● **YOUR INSTRUCTIONS**: Give again, word for word, only the lines of the material below from its first line through the one that holds "Der Schirm bietet"; pictures stay out.

● **SUPPLIED MATERIAL**:
----------

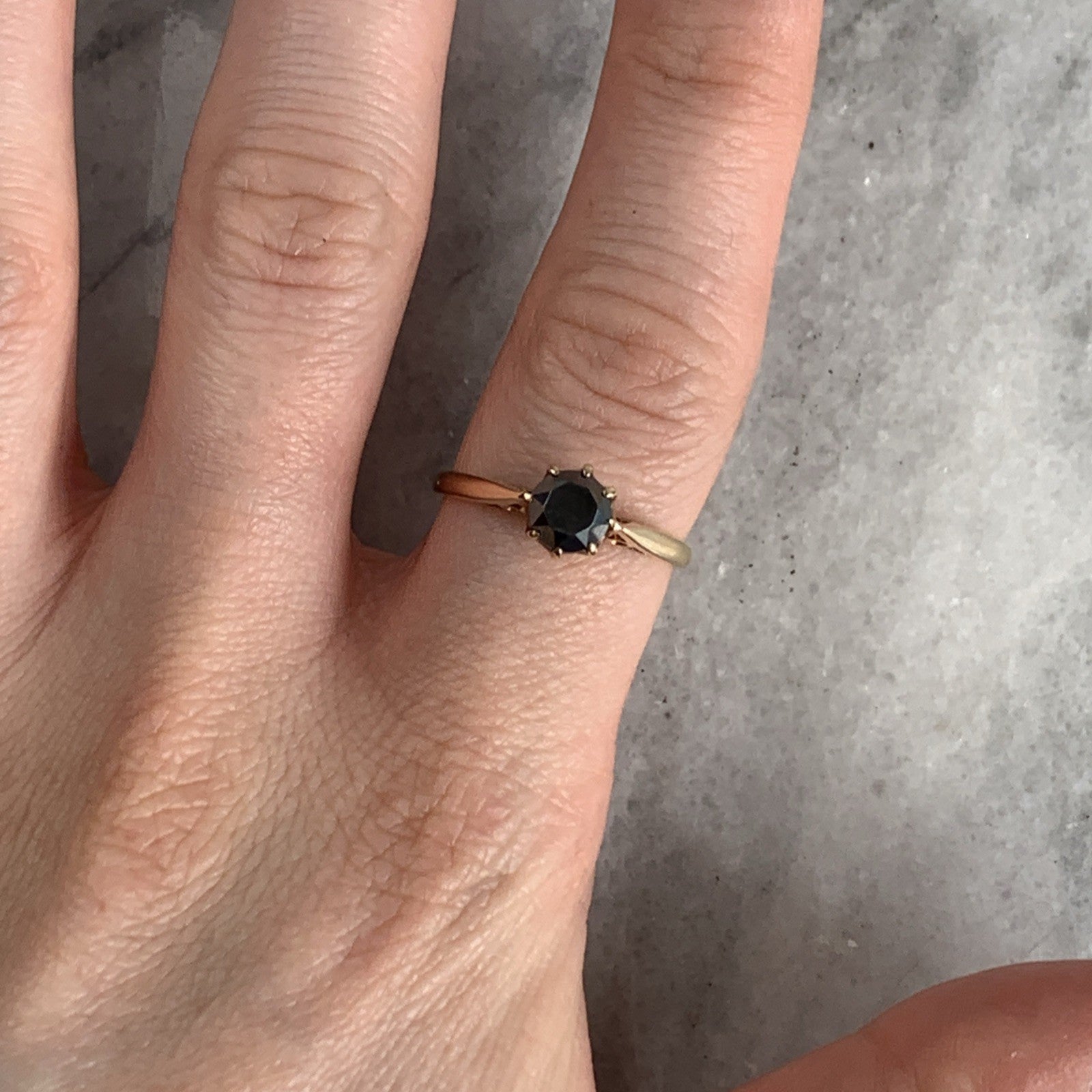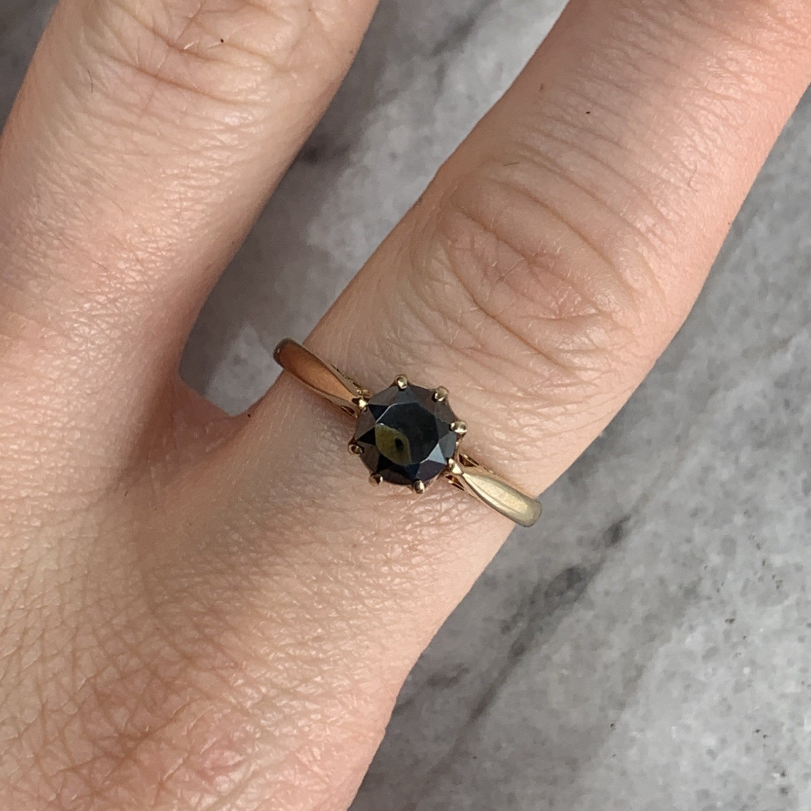 Hematite Solitaire Ring 9ct 375 Yellow Gold - Size O 1/2
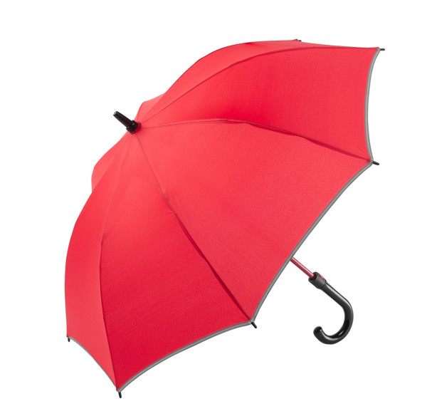 Der Schirm bietet eine Bespannung aus 190T Pongee mit reflektierender Bordüre für bessere Sichtbarkeit. Mit einem Durchmesser von ca. 104 cm schützt er zuverlässig vor Wind und Regen. Im geschlossenen Zustand misst der Schirm ca. 83 cm in der Länge. Die Automatikfunktion ermöglicht ein schnelles Öffnen. Er ist außerdem mit einer Windproof-Funktion ausgestattet, die ihn auch bei starkem Wind stabil hält. Der Kunststoffrundgriff in schwarz glänzend sorgt für einen komfortablen Halt.
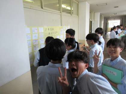 2年社会(都道府県調べ)、3年社会(税の作文・テーマ学習)、2年理科(元素記号カード)
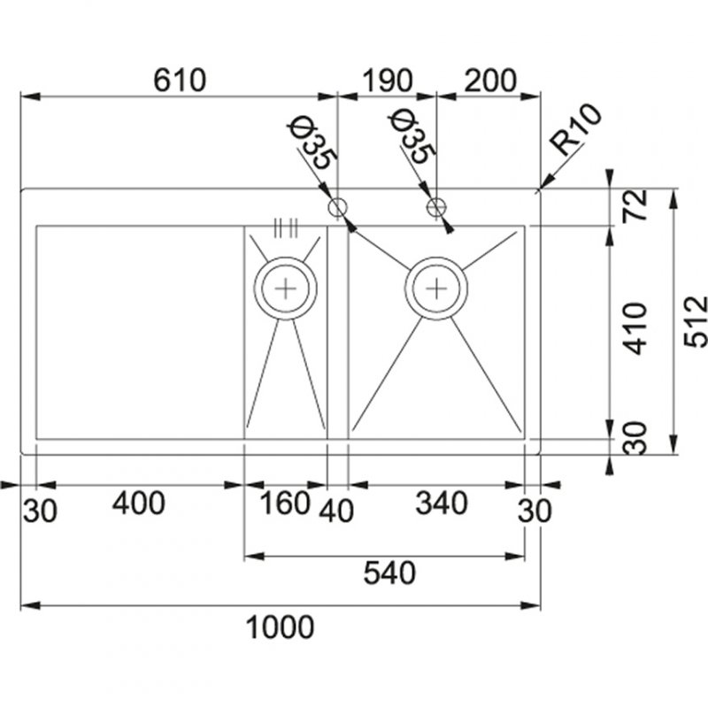 Dřez FRANKE PPX 251/651 TL Nerez odkap vlevo

----------

● **PROBLEM SOLUTION**:
 Hematite Solitaire Ring 9ct 375 Yellow Gold - Size O 1/2
 Der Schirm bietet eine Bespannung aus 190T Pongee mit reflektierender Bordüre für bessere Sichtbarkeit. Mit einem Durchmesser von ca. 104 cm schützt er zuverlässig vor Wind und Regen. Im geschlossenen Zustand misst der Schirm ca. 83 cm in der Länge. Die Automatikfunktion ermöglicht ein schnelles Öffnen. Er ist außerdem mit einer Windproof-Funktion ausgestattet, die ihn auch bei starkem Wind stabil hält. Der Kunststoffrundgriff in schwarz glänzend sorgt für einen komfortablen Halt.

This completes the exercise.